Exercise aim
Set down again exactly the lines of the listing below that fall between the line holding "Vintage Shawl Ivory" and the line holding "道指定文化財「史跡オムサロ台", inclusive.

── Data for the task ──

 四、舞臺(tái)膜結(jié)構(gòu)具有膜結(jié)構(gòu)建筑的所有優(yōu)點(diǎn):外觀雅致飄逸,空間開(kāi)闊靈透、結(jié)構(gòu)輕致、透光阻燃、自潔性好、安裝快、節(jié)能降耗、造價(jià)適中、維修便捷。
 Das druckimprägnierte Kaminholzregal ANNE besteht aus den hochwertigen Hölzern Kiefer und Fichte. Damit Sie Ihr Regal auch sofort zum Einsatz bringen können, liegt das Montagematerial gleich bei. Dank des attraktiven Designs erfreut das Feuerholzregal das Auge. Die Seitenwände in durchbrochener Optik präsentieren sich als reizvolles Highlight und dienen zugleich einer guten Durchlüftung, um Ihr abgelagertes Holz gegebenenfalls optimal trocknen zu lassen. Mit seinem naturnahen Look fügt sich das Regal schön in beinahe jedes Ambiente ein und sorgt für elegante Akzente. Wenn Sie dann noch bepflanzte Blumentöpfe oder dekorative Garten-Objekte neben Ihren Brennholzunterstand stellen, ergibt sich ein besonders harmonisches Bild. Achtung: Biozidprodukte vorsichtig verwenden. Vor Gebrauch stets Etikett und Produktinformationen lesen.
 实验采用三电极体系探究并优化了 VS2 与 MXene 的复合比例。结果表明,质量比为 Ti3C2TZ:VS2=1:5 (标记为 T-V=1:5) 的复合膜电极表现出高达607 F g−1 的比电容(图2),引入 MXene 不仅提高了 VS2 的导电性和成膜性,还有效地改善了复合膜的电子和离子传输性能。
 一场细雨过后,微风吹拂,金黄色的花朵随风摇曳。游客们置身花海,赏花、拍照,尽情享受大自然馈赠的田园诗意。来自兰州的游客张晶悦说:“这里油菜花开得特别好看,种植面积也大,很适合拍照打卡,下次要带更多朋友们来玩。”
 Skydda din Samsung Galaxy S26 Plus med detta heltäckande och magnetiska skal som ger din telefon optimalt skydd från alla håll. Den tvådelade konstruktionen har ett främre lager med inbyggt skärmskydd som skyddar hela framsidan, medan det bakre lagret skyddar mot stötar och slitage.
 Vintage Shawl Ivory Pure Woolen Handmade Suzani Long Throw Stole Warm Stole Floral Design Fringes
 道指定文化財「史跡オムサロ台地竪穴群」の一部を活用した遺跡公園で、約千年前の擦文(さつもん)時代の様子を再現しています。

───
── Data for the task ──

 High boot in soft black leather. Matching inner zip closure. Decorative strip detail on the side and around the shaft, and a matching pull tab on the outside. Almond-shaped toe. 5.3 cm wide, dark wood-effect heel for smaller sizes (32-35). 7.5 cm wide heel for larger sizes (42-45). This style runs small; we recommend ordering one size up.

───

Completed task
 Vintage Shawl Ivory Pure Woolen Handmade Suzani Long Throw Stole Warm Stole Floral Design Fringes
 道指定文化財「史跡オムサロ台地竪穴群」の一部を活用した遺跡公園で、約千年前の擦文(さつもん)時代の様子を再現しています。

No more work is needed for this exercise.